Firstly I left my cards fan speed at 54% (I think thats default) and then proceeded to "find Max Core" and then "Find Max Mem" which ended up at 477/536 which I fought was nice  and played EverQuest II for four hours straight no bother.

I thought I would push the card a little harder so I increased the Fan speed to 75% and re did the "find Max" settings and ended up with a 520/520 setup, which I again thought was absolutly fantasic .  Played EverQuest II last night no bother and I love the performance increase.

Anyways, what I wanted to ask you guys is whether or not I went about overclocking my card the correct way? was I right in speeding up the fan? is 520/520 a decent, common speed people get when overclocking this type of card using the standard hardware?

Thanks in advance,
Karl.


----------



## bronnac (May 10, 2006)

Did I post this in the wrong forum or something?


----------



## trog100 (May 10, 2006)

i think folks get bored with answering the same questions over and over again.. thats my excuse for not writing a detailed set of instructions on how to clock a gto.. 

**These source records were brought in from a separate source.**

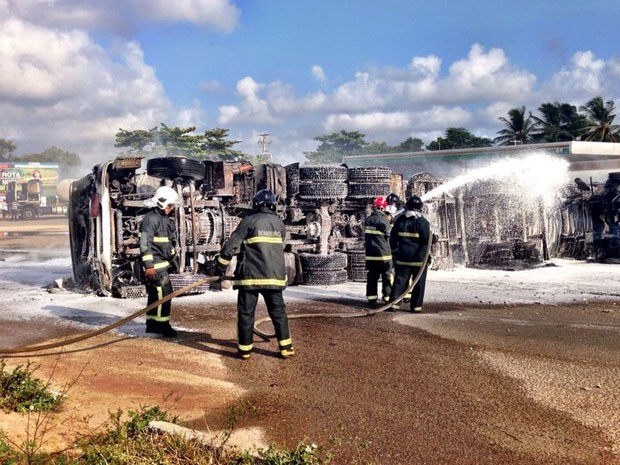 Uma carreta tombou e pegou fogo na madrugada deste sábado (18) na estrada de Extremoz. O incidente se deu por volta das 5h, próximo a um posto de combustíveis. O fogo atingiu outros dois caminhões que estavam no local. Segundo o Corpo de Bombeiros, ninguém ficou ferido. O motorista da carreta fugiu sem ser identificado. A carreta transportava combustíveis e seguia no sentido Natal/Ceará-Mirim. O motorista teria perdido o controle do veículo, e tombado próximo ao posto. Os Bombeiros controlaram a situação antes das 8h.
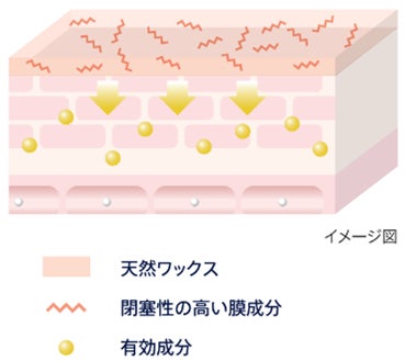 天然ワックスと閉塞性の高い膜成分の複合膜を組み合わせたオリジナル処方です。肌を閉塞することにより、有効成分を角層深くまで浸透促進し、シミ・ソバカスを防ぎたい部分に集中的に美白※2アプローチをします。
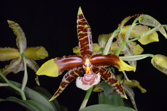 | Description: Eight flowers and eight buds on three up to 36-cm upright inflorescences; sepals lanceolate, slightly undulate edges, light yellow, broadly barred light chestnut brown; petals broadly lanceolate, slightly undulate edges, yellow, proximal two-thirds rich chestnut brown; lip orbicular, pinched proximally, cream, overlaid light chestnut brown barring proximal half, margins blotched light chestnut brown, callus golden yellow, lightly barred chestnut brown; column yellow, anther cap white; substance firm; texture glossy, lip satin. |
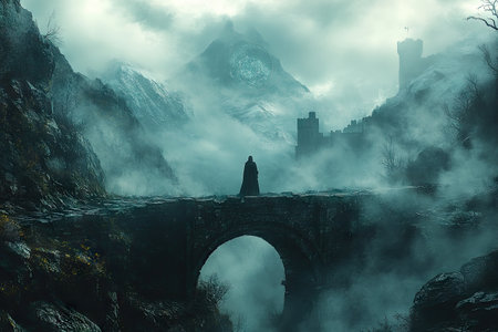 A fantasy landscape with misty mountains, an old bridge, and a mysterious figure standing on the far side of it. The scene is depicted in a dark, moody style using digital painting techniques. In the background, there's a castle visible through foggy clouds. This artwork has a concept art feel to it, with the overall mood being ethereal and dreamlike. --ar 3:2 --stylize 750 --v 6.1 Job ID: 545410dd-af2f-4d30-8141-0b9328d3999f
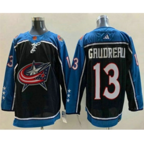 >Men's Columbus Blue Jackets #13 Johnny Gaudreau Black 2022 Reverse Retro Stitched Jersey
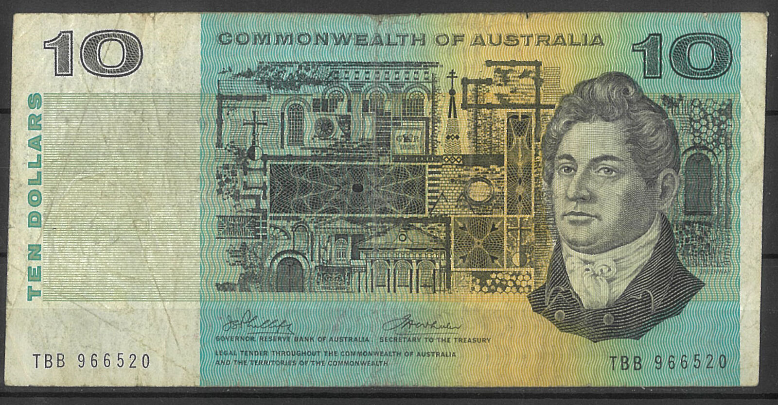 Commonwealth of Australia 1972 $10 Banknote Phillips/Wheeler Last Prefix TBB R304L gVG/aF #4-62

its all been gone over a thousand times before.. search the forums.. sorry i cant be arsed to write it all again.. 

trog


----------



## TheBigCarp321 (May 17, 2006)

If you ask me thats not bad since the X800XT stock is 500/500 and its a better card. It does have 16 pipes though, but all in all I think you would notice a dif with that OC and if you can keep it stable at that then gratz!

I just let ATITOOL fuss with my fan speeds so I would leave it at auto unless yer card gets really hot.


----------



## Azn Tr14dZ (May 17, 2006)

That's a good o/c. If you want to reach higher speeds, try getting either an Arctic Cooling ATI Silencer 5 Rev. 2 or the Zalman VF700-Cu. Both great coolers, I have the Zalman myself. I get about 35 idle and 53-55 load, depending on my ambient temps. If I have low ambient temps, my temps can be as low as 32 idle and 48 load.

Here's the link for the AC ATI Silencer, not newegg.com, but $5 cheaper:
http://www.zipzoomfly.com/jsp/ProductDetail.jsp?ProductCode=316413

The Zalman is about the same price in either newegg.com, zipzoomfly.com, or tigerdirect.com.


----------